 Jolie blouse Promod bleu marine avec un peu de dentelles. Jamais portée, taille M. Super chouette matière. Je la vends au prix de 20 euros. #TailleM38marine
■ ■ ■ ■ ■
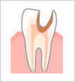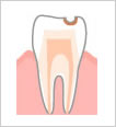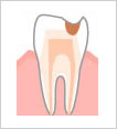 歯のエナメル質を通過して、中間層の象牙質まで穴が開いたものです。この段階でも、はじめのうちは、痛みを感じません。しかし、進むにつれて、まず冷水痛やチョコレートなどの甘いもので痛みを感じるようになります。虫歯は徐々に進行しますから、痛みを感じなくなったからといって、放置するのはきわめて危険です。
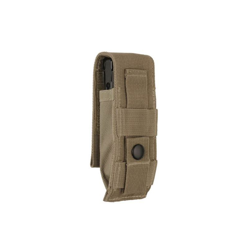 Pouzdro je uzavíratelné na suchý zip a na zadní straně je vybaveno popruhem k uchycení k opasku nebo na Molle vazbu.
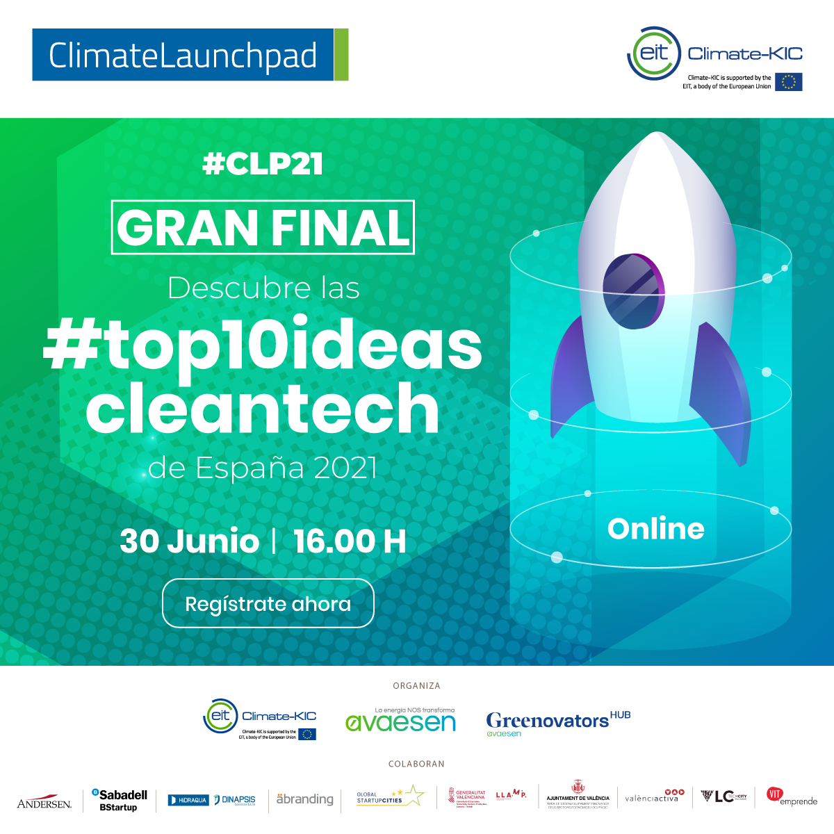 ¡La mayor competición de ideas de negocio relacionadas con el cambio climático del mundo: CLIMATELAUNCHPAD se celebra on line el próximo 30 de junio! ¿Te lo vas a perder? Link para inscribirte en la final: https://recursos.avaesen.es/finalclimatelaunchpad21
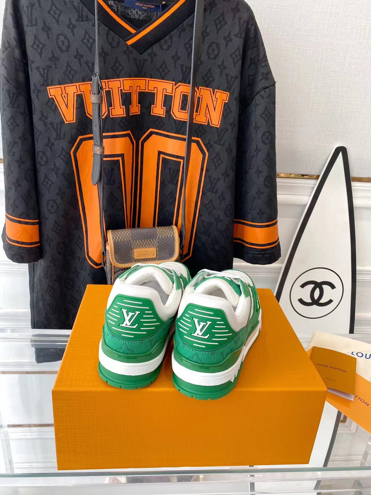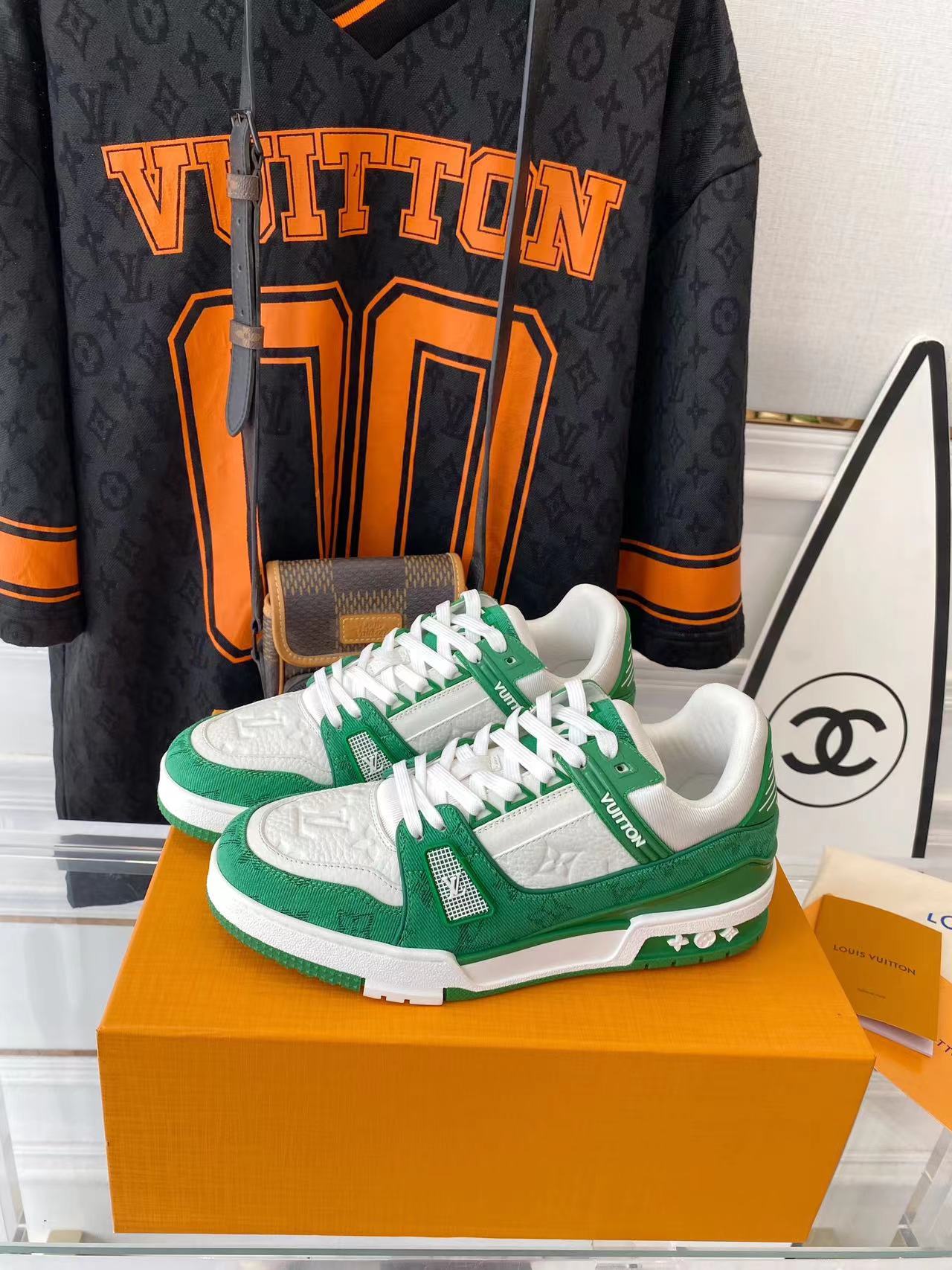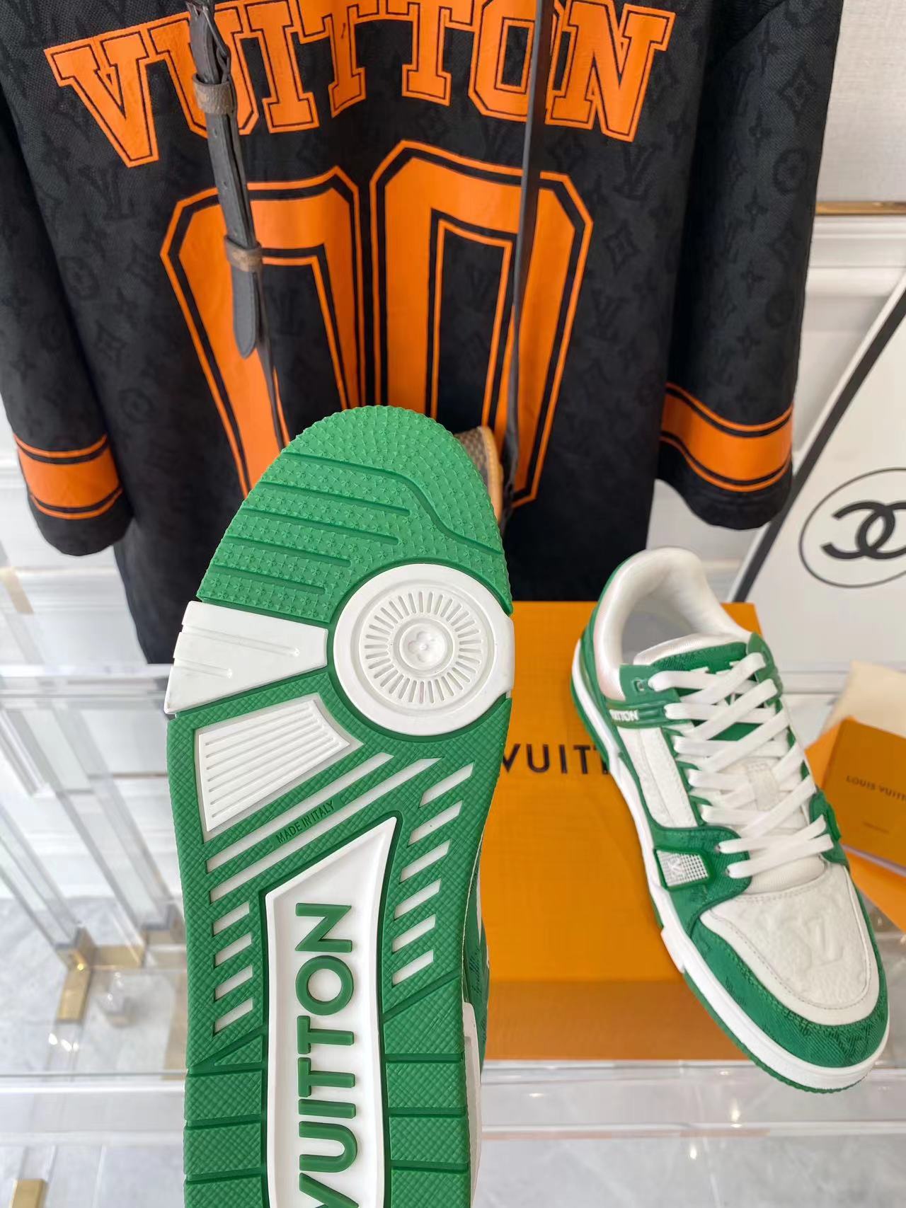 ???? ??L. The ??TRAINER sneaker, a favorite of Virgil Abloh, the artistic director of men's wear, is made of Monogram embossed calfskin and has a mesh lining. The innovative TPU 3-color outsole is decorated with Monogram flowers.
■ ■ ■ ■ ■
| About this exercise |
For this exercise, set down the lines in the entries above from the one with "歯のエナメル質を通過して、中" through the one with "with Monogram flowers." exactly as written, without any pictures.

| Response for this exercise |
 歯のエナメル質を通過して、中間層の象牙質まで穴が開いたものです。この段階でも、はじめのうちは、痛みを感じません。しかし、進むにつれて、まず冷水痛やチョコレートなどの甘いもので痛みを感じるようになります。虫歯は徐々に進行しますから、痛みを感じなくなったからといって、放置するのはきわめて危険です。
 Pouzdro je uzavíratelné na suchý zip a na zadní straně je vybaveno popruhem k uchycení k opasku nebo na Molle vazbu.
 ¡La mayor competición de ideas de negocio relacionadas con el cambio climático del mundo: CLIMATELAUNCHPAD se celebra on line el próximo 30 de junio! ¿Te lo vas a perder? Link para inscribirte en la final: https://recursos.avaesen.es/finalclimatelaunchpad21
 ???? ??L. The ??TRAINER sneaker, a favorite of Virgil Abloh, the artistic director of men's wear, is made of Monogram embossed calfskin and has a mesh lining. The innovative TPU 3-color outsole is decorated with Monogram flowers.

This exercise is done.